George Weinberg said...

This touches on a question from a couple posts back. It seems to me that, if this theory is correct, there are likely to be many airless, icy moons and planets with primitive life. But I don't see how that has any implications at all for intelligent life. Unless a world is suitable for photosynthetic life, I doubt it will ever develop multicellular life.

nick said...

Alrenous, you're right, there have to have been simpler stages of evolution, the most primitive archaea or bacteria are far too complex to have just spontaneously formed even once in the universe. Just how much luck is required is an open question, because we are just now starting to get a handle on what those stages might of been (e.g. the speculative reconstruction 1-10 above is the best I've ever seen, but it is still speculative, and still quite incomplete, especially in step 5).

A very indirect estimate may be had by observing the lack of ETI (lack of artificial surfaces) in our galaxy or others that I have discussed. This touches on George's point -- it may well be that non-photosynthetic life is common and the Great Filter between the origin of life and civilization exists but occurs very early, with life almost always stopping short of tapping solar power. If the geological process of serpentization occurs underneath places like Europa and Enceladus, leading to widespread alkaline vents interfacing with acidic oceans, then primitive life may be common and more advanced life rare. The trouble with this theory is that, while these moons are likely far more common than habitable early-Earth-like planets, with the same serpentization process, the latter are still probably common enough for photosynthetic life to have arisen millions of times in our own galaxy alone if little luck was involved.

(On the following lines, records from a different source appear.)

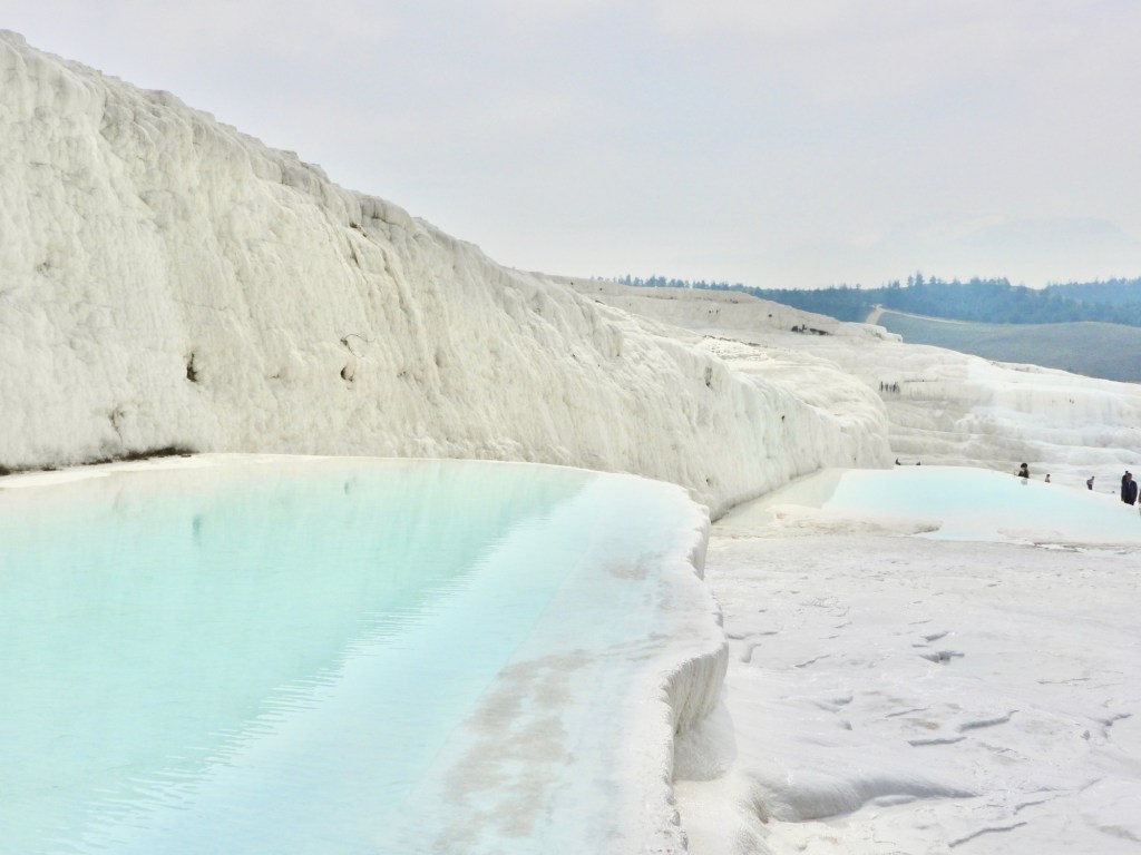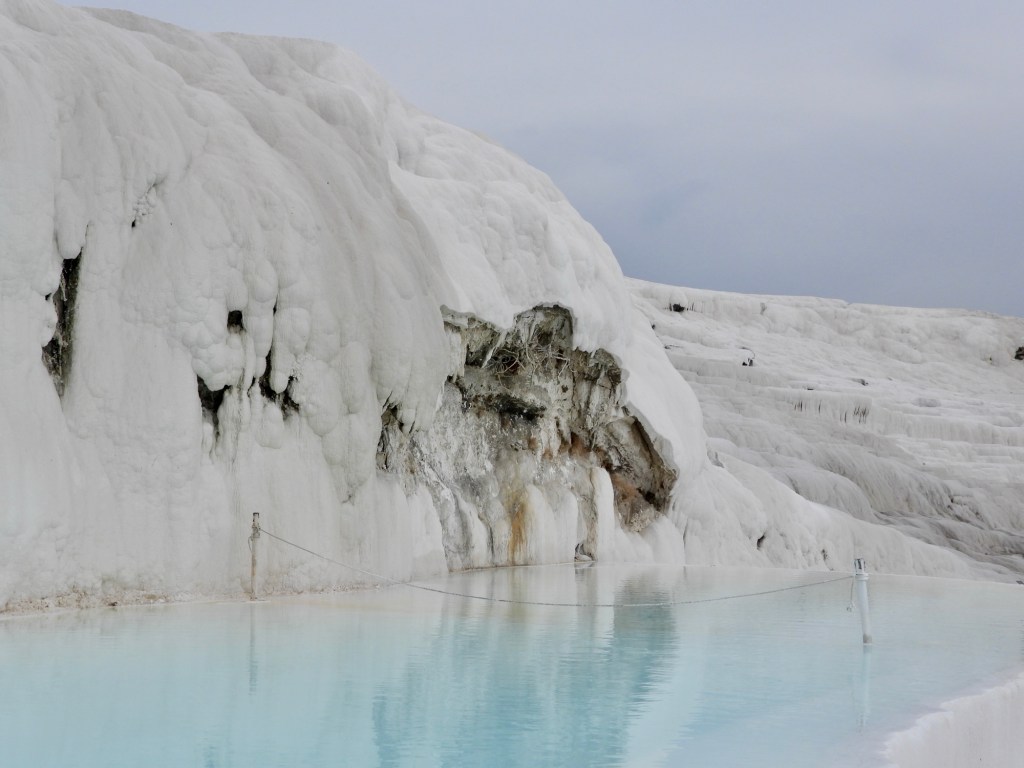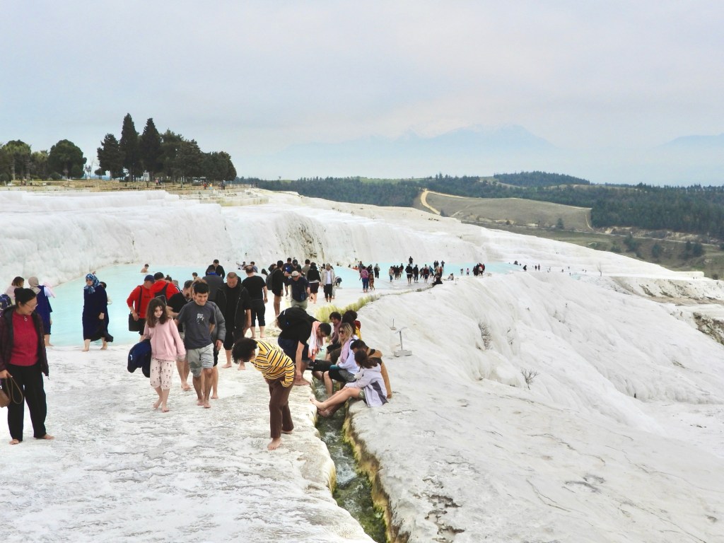 Hinweis: Die coolen halbrunden Bassins aus der touristischen Werbung sind zur Zeit abgesperrt und nicht gefüllt, aber auf dem Anstieg gibt es genügend angelegte (?) Kalkbecken. Es ist zwar warmes Mineralwasser, wir wollten trotzdem nicht plantschen.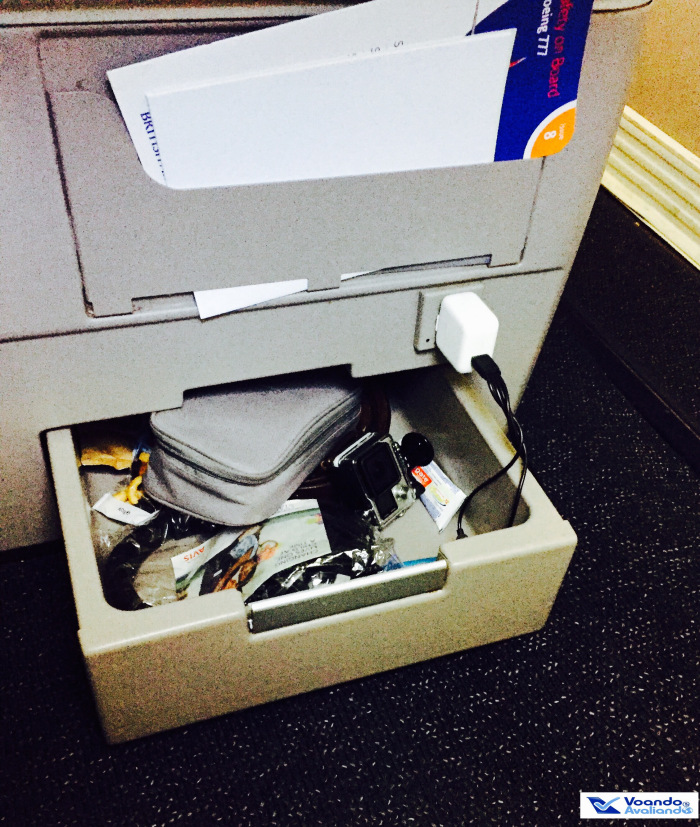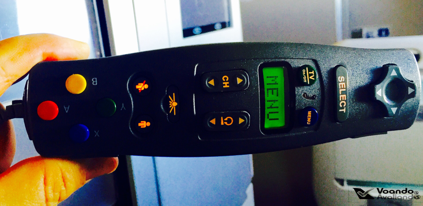 – os botões de comando da poltrona ficam localizados a esquerda, no console que divide as poltronas, perto do lugar de onde se puxa a mesa utilizada para a refeição; há 01 tomada para carregar aparelhos eletrônicos, localizada na parte inferior deste console, logo acima de uma gaveta, onde o passageiro pode guardar o sapato ou objetos pessoais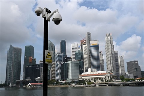 | Des cameras de sécurité devant la promenade de Marina Bay à Singapour, le 17 mars. |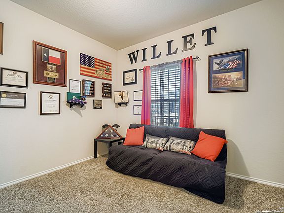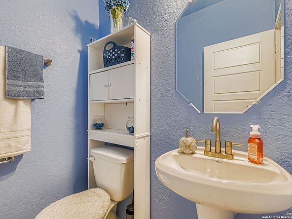 Motivated Seller with VA Assumable Loan @ 2.75 welcomes you to this beautifully designed 2,633 sq. ft. two-story home combines comfort, efficiency, and timeless style. With its open floor plan and thoughtfully crafted spaces, it's the perfect setting for both everyday living and memorable gatherings. At the heart of the home is a chef-inspired kitchen, featuring a generous island, sleek countertops, abundant cabinetry, and modern appliances. The kitchen flows effortlessly into the dining area, where natural light pours in, creating a warm and inviting space for family meals or entertaining friends. The downstairs primary suite is a true retreat-spacious and serene, complete with a spa-like bath featuring dual vanities, a soaking tub, separate shower, and a large walk-in closet designed to keep everything organized. Upstairs, you'll find two generously sized secondary bedrooms and a versatile game room-perfect for movie nights, game days, or a cozy lounge space. A special highlight is the fourth bedroom, which functions beautifully as a second primary suite or private guest in-suite, offering comfort and privacy for extended family or visiting guests. Step outside to relax on your covered, screened-in porch-ideal for enjoying morning coffee or evening sunsets-plus a storage shed for extra convenience. With solar panels already in place, and space for a water softener, this home is efficiency and cost saving. Life in the Notting Hill community is full of amenities, including a resort-style community center with a pool, playground, sports courts, scenic trails, and BBQ areas. Conveniently located near I-10, with quick access to 1604, Loop 410, and I-35, in close proximity of Randolph AFB, Ft. Sam Houston, and other attractions such as shopping, dining, and entertainment. This home has everything you've been searching for in style, space, efficiency, and location. Don't miss your chance to make it yours!

Even broken down as in 1-10 above, there still seems to me a vast amount of luck required to get to life, enough to make it extremely rare but not universally impossible. The odds may be 1^-100 instead of 1^-1000 per trial, and there were more than 1^100 trials available with second-generation "metallic" stars, but far less than 1^1000. There is still a great deal of handwaving (and most of Alrenous' 1^-1000 odds) in step 5 above.

A separate line of inquiry, "RNA world", has started to break down step 5 above into separate steps, but that work is still tentative and very little of it has yet been recreated in a laboratory, although I expect that eventually it will be. The biggest thing the new theory does is provide an ongoing and direct energy source to drive RNA world (by the direct formation of ATP or its more primitive forerunners). It probably makes RNA world quite a bit simpler -- nearly all the enzymes for forming lipids, and for tapping indirect chemical or photosynthetic energy sources, are no longer required, just a membrane with a proton gradient across it, an ATP synthase enzyme, and some RNA (and surely many details I'm leaving out, but the point is that DNA and the insanely complex modern metabolisms aren't required to get evolution going). And after all we are here, and so is and was archaea and bacteria, so biogenesis can't be completely impossible. We are just starting to get a handle on this, and I think the proton gradient membrane theory is a great step forward in our understanding.

Billare said...

You should read the book "Power, Sex, Suicide: Mitochondria and the Meaning of Life" by Nick Lane. He explains this theory very competently in an engaging pop-sci way, and furthers argues that the endosymbiotic origin of mitochondria was the fundamental innovation that enabled multi-cellularity by 1: sequestering the products of these dangerous redox reactions from main cytoplasm and 2: freeing life from the fitness consequences of growing larger that bacteria still face today.